Re: [xml] performance of parsing docbook with xincludes

2018-06-07 Thread Nick Wellnhofer

On 07/06/2018 00:00, Stefan Sauer wrote:

Another idea is to stop loading external DTDs for XIncludes without an
XPointer expression. This would still change the behavior for some
users but it's much less likely to cause problems.

change the behaviour, as in we would not catch validation errors?


No, nothing related to validation. If you validate a document, the DTDs will 
always be loaded. But parsing with or without XML_PARSE_DTDLOAD will obviously 
produce different results. It's hard to tell whether this will cause problems 
for users. But maybe I'm overly cautious. If someone parses a document without 
DTD flags, why would they assume that XIncluded documents are parsed with 
XML_PARSE_DTDLOAD?



Too bad that xmlXIncludeParseFile() does not get the parent parserCtx,
in that case we could apply the same flags'.


I think the original flags are already passed via xmlXIncludeSetFlags.
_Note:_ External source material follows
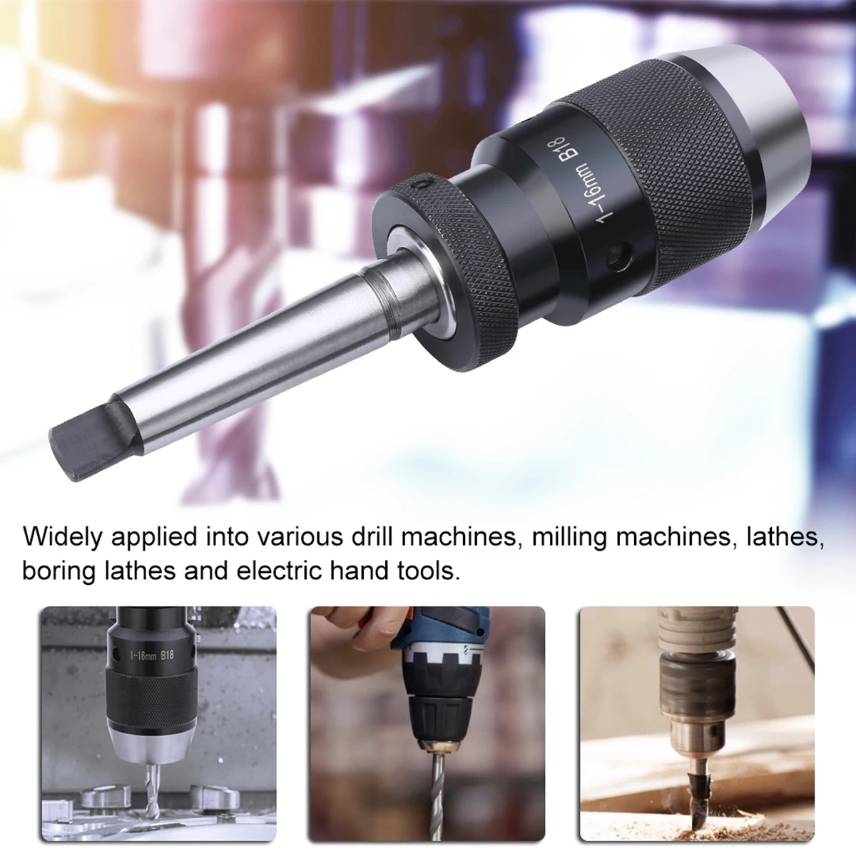 Сверлильный патрон B18, 1-16 мм, оправка для сверлильного патрона, самозатягивающийся, без ключа, оправка для сверлильного патрона, MT2-B18, оправка для токарного сверла MK2

It seems that xmldict is only handling key and value to be a string,
right? So, we'll even need out one cache data structure. I'd say it
would need to be on the _xmlXIncludeCtxt level. global is easier, but
then we can't free it ever :/


xmlHash should work fine:

http://xmlsoft.org/html/libxml-hash.html

But building a DTD cache would be the least of your problems. The hard part is 
to apply a cached DTD to a document. There are some interactions between 
internal and external subsets (see xmlAddElementDecl and xmlAddAttributeDecl 
in valid.c for example), so you it looks like you can't just simply set 
doc->extSubset to the cached DTD. You'd probably have to replay the calls to 
xmlAddElementDecl etc, maybe even in the original order which might be lost. 
That's why I wouldn't want to go down this route.


Nick
___
xml mailing list, project page  http://xmlsoft.org/
xml@gnome.org
https://mail.gnome.org/mailman/listinfo/xml


Re: [xml] performance of parsing docbook with xincludes

2018-06-07 Thread Stefan Sauer
On 05/17/2018 04:18 PM, Nick Wellnhofer wrote:
> On 16/05/2018 21:51, Stefan Sauer wrote:
>> So one solution could be another flag to enable this?
>
> Yes, but it would be rather ugly.
>
>> Thanks, reading the code. Need to figure where we could cache external
>> subsets and what a suitable keys is (ExternalID ?).
>
> Note that I'm currently not planning to review and integrate larger
> patches from other developers. I only took over some libxml2
> maintenance duties because noone else did. So even if you write a
> high-quality patch, it might never get merged.
>
> Caching external subsets for XIncludes certainly sounds like a nice
> feature but I would prefer to find a simpler solution. For example,
> can't you just omit the external DTD from included documents?
I've tried this and I get some interesting differences. If I modify my
DOCTYPES declarations from e.g.:
http://www.oasis-open.org/docbook/xml/4.3/docbookx.dtd;
[
  http://www.w3.org/2003/XInclude'">
  
  %gtkdocentities;
]>

to

http://www.w3.org/2003/XInclude'">
  
  %gtkdocentities;
]>

and run (for each of the variants)
xmllint --noent --xinclude tester-docs.xml >tester-docs.nodtd.xml
then I get a lot of delta in this form:
-    http://www.w3.org/2003/XInclude;
id="api-index-0.1" xml:base="xml/api-index-0.1.xml">
+    

basically if there is no DTD on the doctype, the resulting xi:include
nodes won't have the xmlns:xi attribute.

What is worse and puzzling me that it causes a small difference on the
html output produced my xsltproc:
-FOO, macro in GtkDocTestIf
+FOO, macro in GtkDocTestIf

if I drop the dtd, the first link misses 'class' and 'title' attributes
and the 2nd link is not linked at all.

Stefan

> You wrote:
>
>> and gtk-doc will replicate this for the fragments (replacing 'book' with
>> e.g. 'refentry'). This way one can e.g. inject things like a version.
>
> What do you mean by "inject things like a version"? Why exactly do
> your included documents have to reference an external DTD?
>
> Another idea is to stop loading external DTDs for XIncludes without an
> XPointer expression. This would still change the behavior for some
> users but it's much less likely to cause problems.
>
> Nick



___
xml mailing list, project page  http://xmlsoft.org/
xml@gnome.org
https://mail.gnome.org/mailman/listinfo/xml


Re: [xml] performance of parsing docbook with xincludes

2018-06-07 Thread Stefan Sauer
On 06/07/2018 12:54 AM, Eric S. Eberhard wrote:
> I know I am the oddball here but -- why use DTDs at all?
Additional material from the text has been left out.